Included as part of the PRECAUTIONS section.

PRECAUTIONS

Tachycardia

Fenoldopam causes a dose-related tachycardia, particularly with infusion rates above 0.1 mcg/kg/min in adults and > 0.8 mcg/kg/min in pediatric patients. Tachycardia in adults may diminish with continued therapy at doses of fenoldopam of < 0.1 mcg/kg/min.

Hypokalemia

Hypokalemia has been observed after less than 6 hours of fenoldopam infusion. Hypokalemia reflects a pressure natriuresis with enhanced potassium-sodium exchange or a direct drug effect. Monitor serum potassium levels.
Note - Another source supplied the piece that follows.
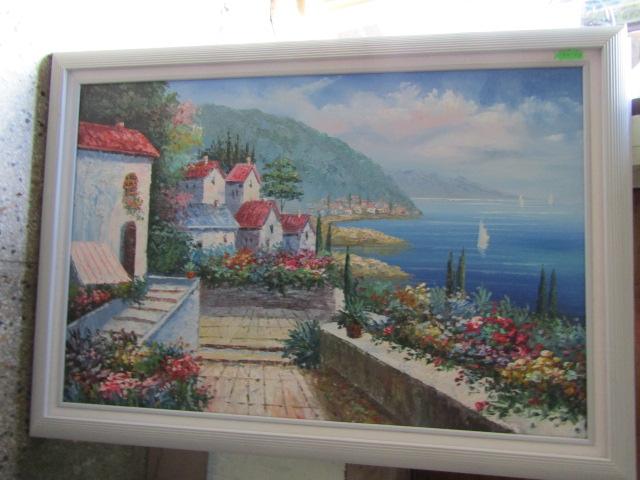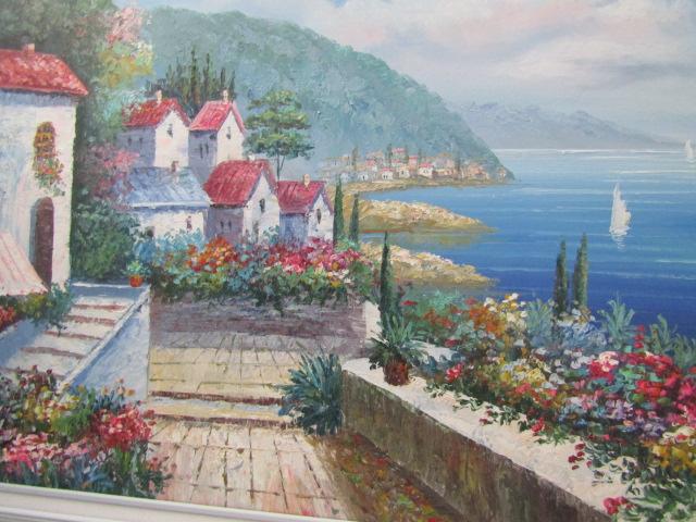Signed, Framed Wall Art:  Red Roofs by the Sea (Loc)- 28 1/2" x 42 1/4"
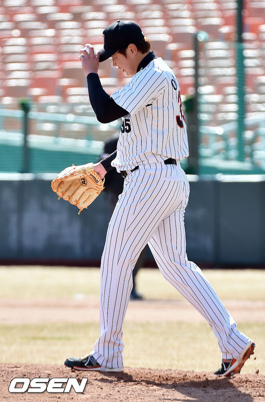 12일 오후 부산 사직구장서 ‘2015 타이어뱅크 KBO 리그’ 시범경기 롯데 자이언츠와 kt 위즈의 경기가 열렸다. 6회초 1사 주자 1루 kt 장성호에게 좌월 투런 홈런을 맞은 롯데 이명우가 아쉬워하고 있다.

Increased Intraocular Pressure

In a clinical study of 12 patients with open-angle glaucoma or ocular hypertension (mean baseline intraocular pressure was 29.2 mm Hg with a range of 22 to 33 mm Hg), infusion of fenoldopam at escalating doses ranging from 0.05 to 0.5 mcg/kg/min over a 3.5 hour period caused a dose-dependent increase in intraocular pressure (IOP). At the peak effect, the intraocular pressure was raised by a mean of 6.5 mm Hg (range -2 to +8.5 mm Hg, corrected for placebo effect). Upon discontinuation of the fenoldopam infusion, the IOP returned to baseline values within 2 hours.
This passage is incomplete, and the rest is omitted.